俺は少し抵抗してみようとしてみたが、全然動けん。そしてそのまま教会内に連れて行かれた。


密室。男と女が1人ずつ。なにも起こらないはずがなく…まぁ実際はお布施してもらいたい理由とお布施をすることのメリットを必死に説明されただけだった。

説明された内容をまとめると…

1 このままだと教会の維持費が払えなくなる。

2 お布施をした場合、不死族アンデットに対して特攻を一日だけ得ることができる

3 だからお布施してください!

ということらしい。

俺にとって利益が無い。取引として成立していないようなものだった。いや不死族に対しての特攻はメリットかもしれないが、そもそも不死族が出現するエリアに行ったことがない(そもそもどこにあるか知らない)ので、メリットにはならない。だから俺にとって利益はない。

が、こうも必死にお願いされては断るのも少し気分が悪い。

俺はため息を吐きながら、

「何Gゴールド払えばいい?」

と聞くと白髪シスターさんは目を輝かせながら、

「6000、いや5000Gお布施してもらえれば当分は大丈夫です!」

と満面の笑みでそう言ってきた。

俺はストレージから5000Gを取り出すと白髪シスターさんに手渡した。

白髪シスターさんはそれを受け取ると、多分この世界の神様の石像の前に5000Gを置き、ひざまづいて祈りを捧げるような感じで手を合わせると、5000Gが謎の力によって(多分)宙に浮かぶ。そしてそのままスゥーと消えていった。

それが終わると白髪シスターさんは満面の笑みでこちらに小走りで近寄ってくると、俺の両手を掴んでブンブンと上下に振りながら、

「ありがとうございます!ありがとうございます!」

と言ってきた。

俺は「どういたしまして」と返し、

少しだけ話をした。

白髪シスターさん曰く、前はよくお布施してくれた人がいたのだが拠点を別の場所に移したのか少し前から来なくなった。

毎日来なくてもいいので3日に一度くらいは来てほしい。

という感じの話をした。

俺としては、メリットはそんなに無いが、

白髪+シスター+美人からしか摂れない栄養素があると思うので快諾した。

すると、白髪シスターさんは満面の笑みを浮かべながら、

「ありがとうございます!本当にありがとうございます!!」

と感謝の言葉を述べてくれた。

うん。やっぱり美人の笑顔からしか摂れない栄養素があるね。これは学会に報告しなきゃ。

そんな事を考えていると俺の頭の中から謎の声が聞こえてきた。

『名前を…目の前の白髪シスターさんから名前を…聞くのです』

誰だお前は、と返すと謎の声はさらに返してきた。

『黙りなさい。いちいち白髪シスターさんって入れなきゃいけないある者の気持ちになってみなさい。分かったらさっさと名前を聞ーけ聞ーけ聞ーけ』

そう言って謎の声は聞こえなくなった。

んん?俺は誰と会話をしていた?

必死に思い出そうとしてみるが思い出せない。

思い出そうとウンウンと唸っていると、白髪シスターさんが下から俺の顔を心配そうな表情で覗き込んできていた。

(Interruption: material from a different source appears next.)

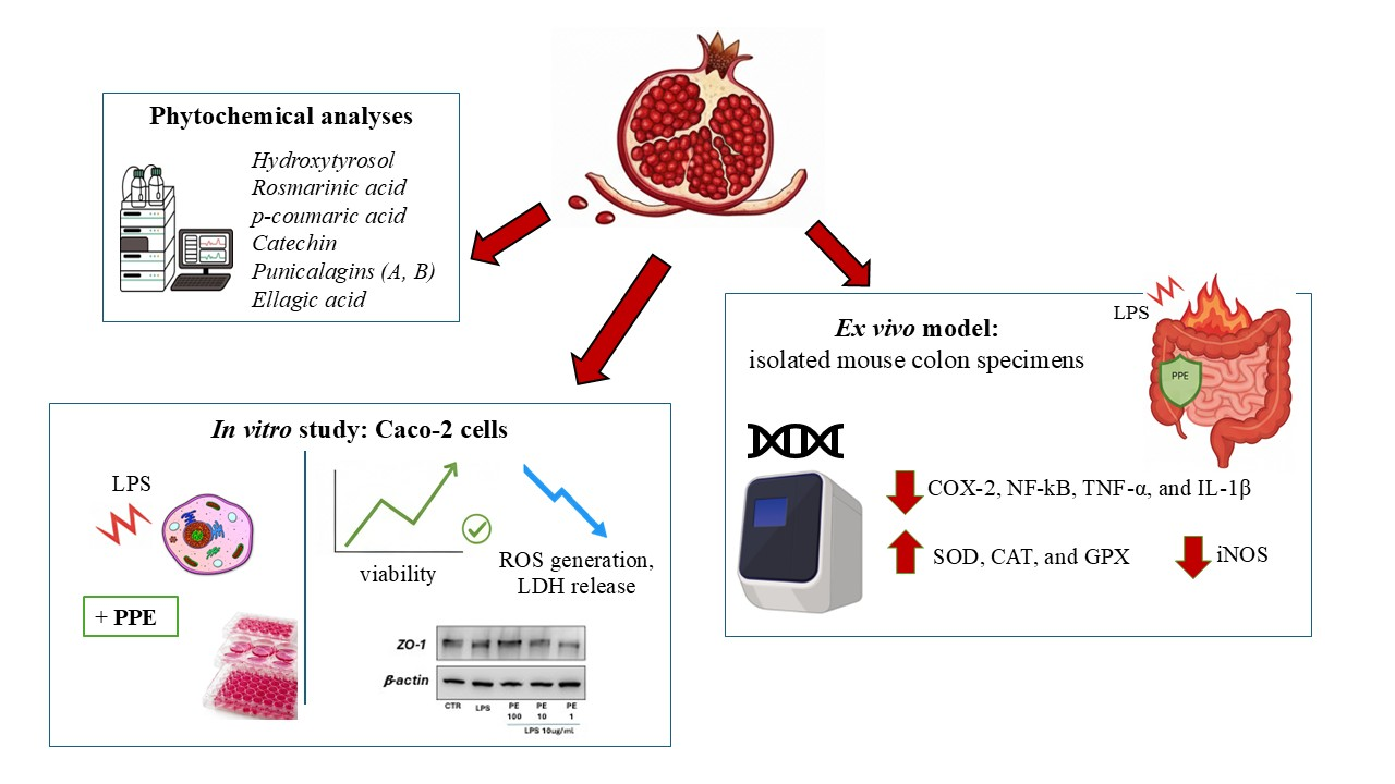 Recinella L, Acquaviva A, Bruno A, Ciaramellano D, Centulio AP, Dovizio M, Milillo C, Mozzon M, Generali D, Genovesi G, et al. Intestinal Protective Effects of a Pomegranate Peel Extract in In Vitro and Ex Vivo Studies. International Journal of Molecular Sciences. 2026; 27(3):1603. https://doi.org/10.3390/ijms27031603

俺は思い出すのをやめて白髪シスターさんに話しかける。

「どうかしましたか?」

そう聞くと白髪シスターさんが、

「あっ、いえ…急に真剣な表情をされたのでどうかされたのかと…」

と返してきた。

俺はなんでもないですよ。と返して、そういえば名前を聞いていなかった事を思い出した。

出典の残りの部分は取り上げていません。